A month with Devin, why senior engineers should stay ICs, the seven-action doc model, a standards first web framework & more

Changelog News

Developer news worth your attention

Jerod again! 👋

Ever heard of coyote time? No, not your annual Coyote Ugly rewatch party.

It’s an affordance in video game design, where the game intentionally waits a brief period after you run off the side of a platform before it plummets you to your eminent demise. It’s named after the Wile E. Coyote cartoons and it’s apparently been making me feel better at video games than I actually am for the entirety of my life.

Ignorance, as they say, is bliss! Ok, let’s get into the news.
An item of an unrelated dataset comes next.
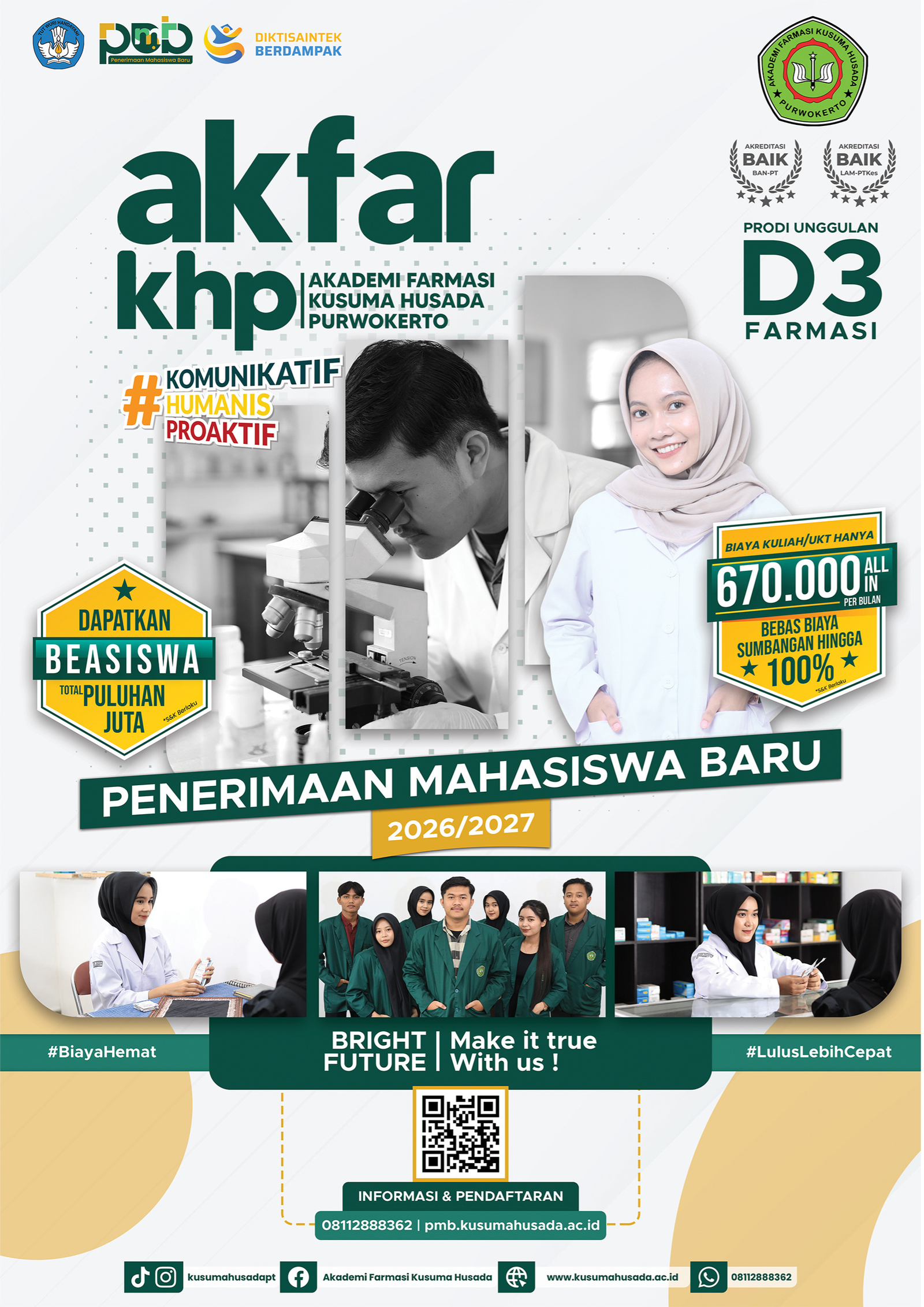 Akademi Farmasi Kusuma Husada Purwokerto (AKFAR KHP) merupakan perguruan tinggi vokasi yang membuka Program Studi D3 Farmasi dan berlokasi strategis di Purwokerto. Kami telah terakreditasi "BAIK" oleh BAN-PT dan LAM-PTKes, menjadi pilihan tepat bagi calon tenaga vokasi farmasi profesional. Sejalan dengan terbitnya Undang-Undang Kesehatan No. 17 Tahun 2023, yang menegaskan bahwa tenaga kefarmasian harus berasal dari lulusan pendidikan vokasi, AKFAR KHP hadir sebagai jawaban atas kebutuhan tenaga vokasi farmasi yang kompeten dan siap kerja. Tidak hanya fokus pada akademik, AKFAR KHP juga aktif menjalin kerjasama dengan rumah sakit, industri farmasi, dan berbagai stakeholder untuk mendukung praktik kerja, penyaluran lulusan, serta membuka peluang karir yang lebih luas bagi mahasiswa.

🎧 The world of embedded systems

Elecia White joins us to discuss all things embedded systems. We discuss programming non-computers, open source resources for embedded, self-driving cars, embedded system like the GoPro, Traeger smokers, and even birthday cards. According to Elecia, embedded is going everywhere. VIDEO

Art for the episode: Elecia smiling on the left. “All about embedded systems” text on the right

❤️‍🩹 It’s time to make computing personal again

Benj Edwards deftly describes how “surveillance capitalism and DRM turned home tech from friend to foe” by asking a litany of rhetorical questions about the past:

  • What percentage of your income had to go towards annual software subscriptions on a 20th century Windows PC?
  • Which part of this TV set kept track of everything you watched and then secretly sold the data to advertisers?
  • Which part of Windows 95 fed you ads without your consent and kept track of everything you did remotely so Microsoft could keep stats on it?
  • Which part of Amazon.com in 2000 tried to get you to buy millions of no-name counterfeit and dangerous goods propped up by stealth advertising and fake reviews?
  • Which part of Google in the 1990s and early 2000s blanketed its results with deceptive ads or made you add “Reddit” to every search to get good results that weren’t overwhelmed by SEO-seeking filler content?

When you say it like that… he continues:

Every generation looks back and says, “Things used to be better,” whether they are accurate or not.

But I’m not suggesting we live in the past. It is possible to learn from history and integrate the best of today’s technology with fair business practices that are more sustainable and healthy for everyone in the long run.

Benj has a few ideas on what we can do individually to push this ideal forward, but he believes it will take collective action to make meaningful changes:

Whether through purposeful reform or the eventual collapse of digital strip mining, I believe the personal computer will eventually rise again—–along with our chance to reclaim control of our digital lives.

👎 Thoughts on a month with Devin

Hamel Husain, Isaac Flath & Johno Whitaker from Answer.AI put Devin (the product whose creators promised it to be a fully autonomous software engineer) through its paces. They were optimistic:

…something about Devin felt different. If it could deliver even half of what it promised, it could transform how we work. But while Twitter was full of enthusiasm, we couldn’t find many detailed accounts of people actually using it.

Their conclusions confirm my priors, so I’m happy to share them with you. 😉

Johno says:

Tasks it can do are those that are so small and well-defined that I may as well do them myself, faster, my way. Larger tasks where I might see time savings I think it will likely fail at. So no real niche where I’ll want to use it.

Isaac’s take:

I had initial excitement at how close it was because I felt I could tweak a few things. And then slowly got frustrated as I had to change more and more to end up at the point where I would have been better of starting from scratch and going step by step.

Hamel’s findings:

Devin struggled to use internal tooling that is critical at AnswerAI which, in addition to other issues, made it difficult to use. This is despite providing Devin with copious amounts of documentation and examples. I haven’t found this to be an issue with tools like Cursor, where there is more opportunity to nudge things in the right direction more incrementally.

I think Hamel’s last comment nails it. The current state of the art in generative AI coding tools, despite impressive demos, only brings meaningful value when paired with a competent human programmer to “nudge things in the right direction” at every step.

💯 Why senior engineers should stay ICs

For many successful software engineers, management seems like the only path toward career advancement. Asaf Zamir, however, has learned something quite different after years in the industry:

In my years of mentoring developers, I’ve seen too many brilliant engineers jump into management because they thought it was the only way forward. But here’s the thing - the IC path isn’t just a valid choice; for many, it’s the path that leads to their highest potential and greatest satisfaction.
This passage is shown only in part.